The first, program antecedents report, should inform those not previously acquainted with the program about the sponsoring organization, how and why the program was started, and the environment where it was conducted. 

The second, the program implementation report should give accurate details of the program to groups that might want to carry out a similar program. Key parts of this report should include descriptions of the program’s beneficiaries, goals, procedures, budget, staff, facilities, etc. This report essentially should be objective and descriptive. While it is appropriate to identify important program deficiencies, judgments mainly should be reserved for the program results report.

The third, the program results report, should address questions of interest to all members of the audience. It should summarize the employed evaluation design and procedures. It should then inform all members of the audience about the program’s context, input, process, impact, effectiveness, sustainability, and transportability. It should present conclusions on the program’s merit, worth, probity, and significance. It should lay out the key lessons learned. 

The summative evaluation checkpoint further suggests that, when appropriate, each of the three subreports end with photographs that retell the subreport’s account. These can enhance the reader’s interest, highlight the most important points, and make the narrative more convincing. A set of photographs (or charts) at the end of each subreport also helps make the overall report seem more approachable than a single, long presentation of the narrative.

This final checkpoint also suggests interspersing direct quotations from stakeholders to help capture the reader’s interest, providing an executive summary for use in policy briefing sessions, and issuing an appendix of evaluation materials to document and establish credibility for the employed evaluation procedures. 


The CIPP Model treats evaluation as an essential concomitant of improvement and accountability within a framework of appropriate values and a quest for clear, unambiguous answers. It responds to the reality that evaluations of innovative, evolving efforts typically cannot employ controlled, randomized experiments or work from published evaluation instruments—both of which yield far too little information anyway. The CIPP Model is configured to enable and guide comprehensive, systematic examination of efforts that occur in the dynamic, septic conditions of the real world, not the controlled conditions of experimental psychology and split-plot crop studies in agriculture. 

The model sees evaluation as essential to society’s progress and well-being.
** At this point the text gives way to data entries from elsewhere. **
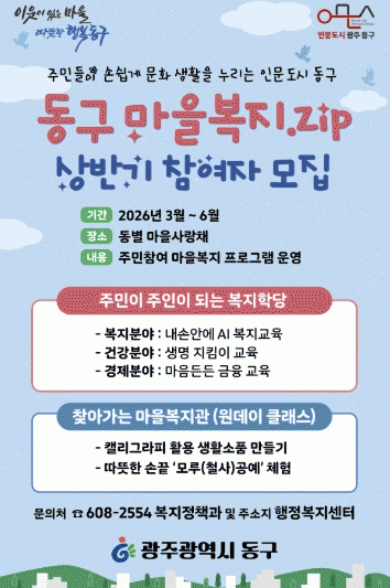 [¹Ìµð¾îÀü³² Á¦°¥´ëÁ¾ ±âÀÚ]±¤ÁÖ µ¿±¸´Â ÁֹΠ´©±¸³ª ÀÏ»ó ¼Ó¿¡¼ º¹Áö¸¦ ¹è¿ì°í Âü¿©ÇÒ ¼ö ÀÖ´Â ¡®µ¿±¸ ¸¶À»º¹Áö.ZIP¡¯ »ç¾÷À» ¿À´Â 3¿ùºÎÅÍ º»°Ý ÃßÁøÇÑ´Ù°í ¹àÇû´Ù. ¡®¸¶À»º¹Áö.ZIP¡¯Àº ÁÖ¹ÎÀÌ »ýȰ ¼Ó¿¡¼ º¹Áö¸¦ ÀÚ¿¬½º·´°Ô ¹è¿ì°í¡¦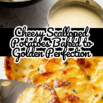 This Easy Cheesy Scalloped Potatoes recipe combines tender, thinly sliced Russet or Yukon Gold potatoes with a rich, creamy sauce made from garlic-infused heavy cream and a blend of sharp cheddar and parmesan cheeses. Baked to golden perfection, this comforting side dish is perfect for holiday dinners or any meal that calls for indulgent, cheesy potatoes.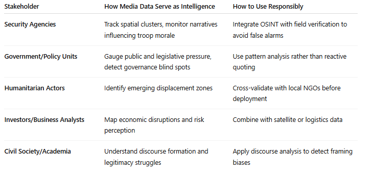 For security agencies, this layered reporting provides an open-source complement to field intelligence. The repetition of attack locations across different outlets helps identify emerging clusters. For policymakers, the narratives highlight public dissatisfaction and expose the policy gaps that drive insecurity. Humanitarian organizations rely on displacement and casualty reports to plan relief operations, while researchers and civic groups use media discourse to map power relations and community resilience.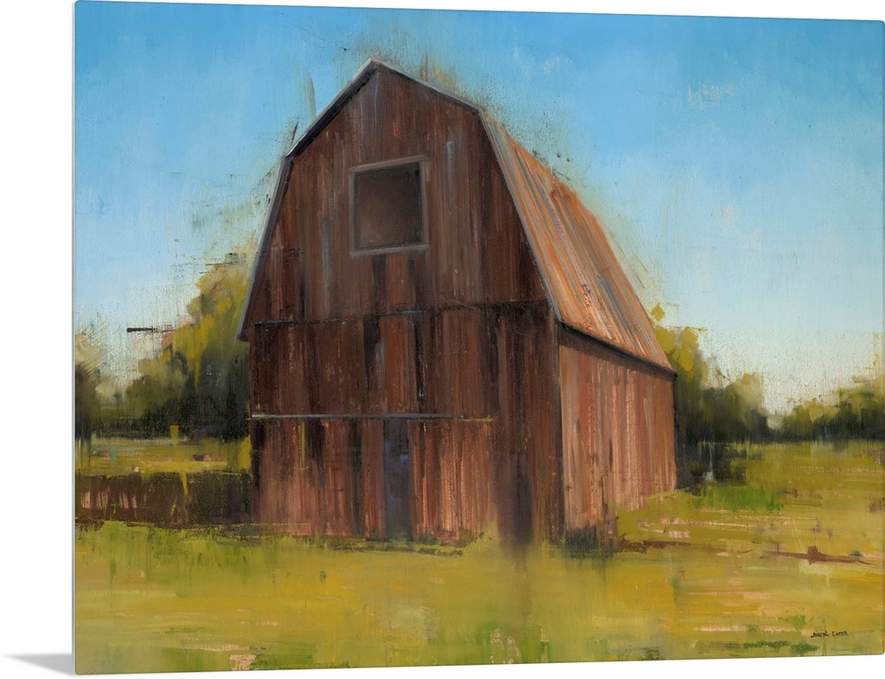 <p>Contemporary painting of a tall wooden barn in a country landscape.</p>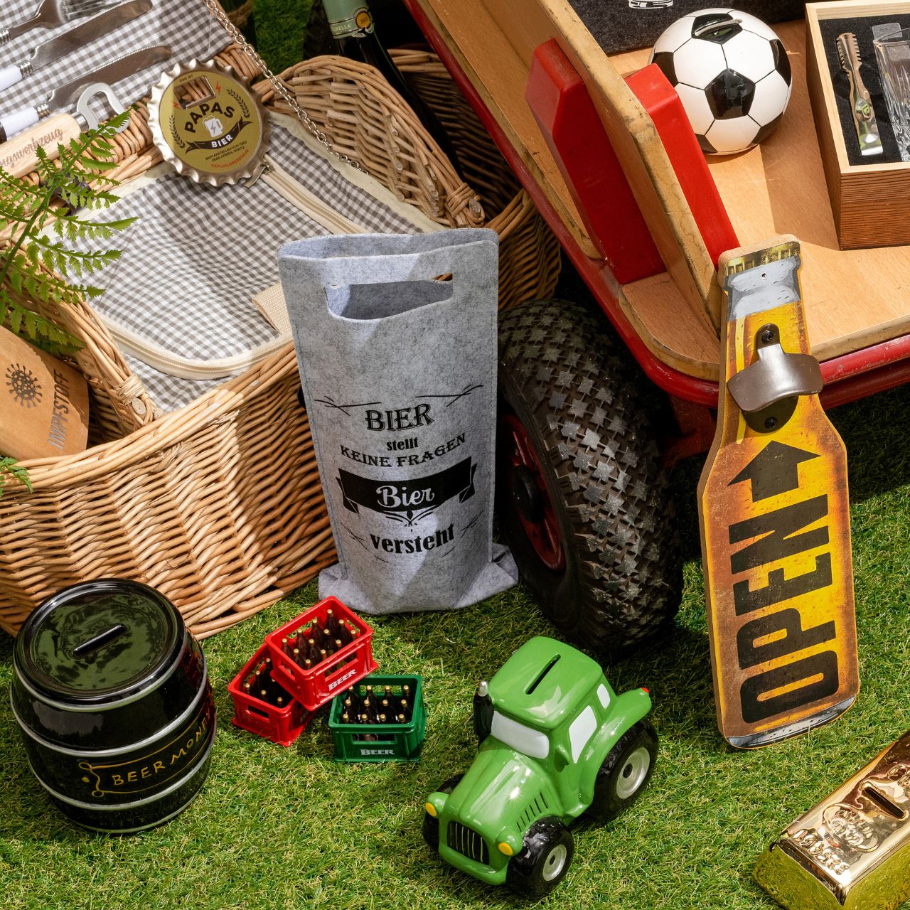 Codice prodotto: 10032599 Portabirra in feltro con slogan in feltro grigio a 4 pieghe, (L/H/D) 24x8x1cm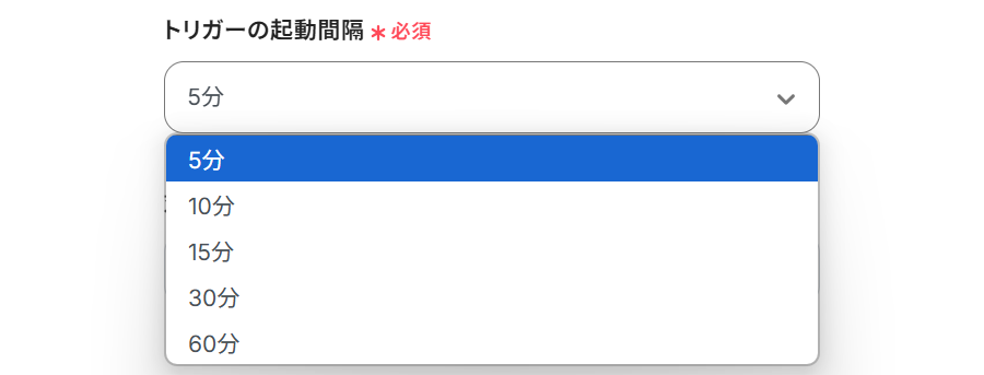 トリガーの起動間隔:5分、10分、15分、30分、60分の中から選べるようになっています。

It contends that social groups cannot make their programs, services, and products better unless they learn where they are weak and strong. Developers and service providers cannot  be sure their goals are worthy unless they validate the goals’ consistency with sound values and responsiveness to beneficiaries’ needs! plan effectively and invest their time and resources wisely if they don’t identify and assess options! earn continued respect and support if they cannot show that they have responsibly carried out their plans and produced beneficial results  ! build on past experiences if they don’t preserve, study, and act upon lessons from failed and successful efforts! convince consumers to buy or support their services and products unless their claims for these services are valid and honestly reported 

Institutional personnel cannot meet all of their evaluation needs if they don’t both contract for external evaluations and also build and apply capacity to conduct internal evaluations. Evaluators cannot defend their evaluative conclusions unless they key them to sound information and clear, defensible values. Moreover, internal and external evaluators cannot maintain credibility for their evaluations if they do not subject them to meta evaluations against appropriate standards.  

The CIPP Model employs multiple methods, is based on a wide range of applications, is keyed to professional standards for evaluations, is supported by an extensive literature, and is buttressed by practical procedures, including a set of evaluation checklists and particularly the CIPP Evaluation Model Checklist appended to this paper. It cannot be overemphasized, however, that the model is and must be subject to continuous assessment and further development.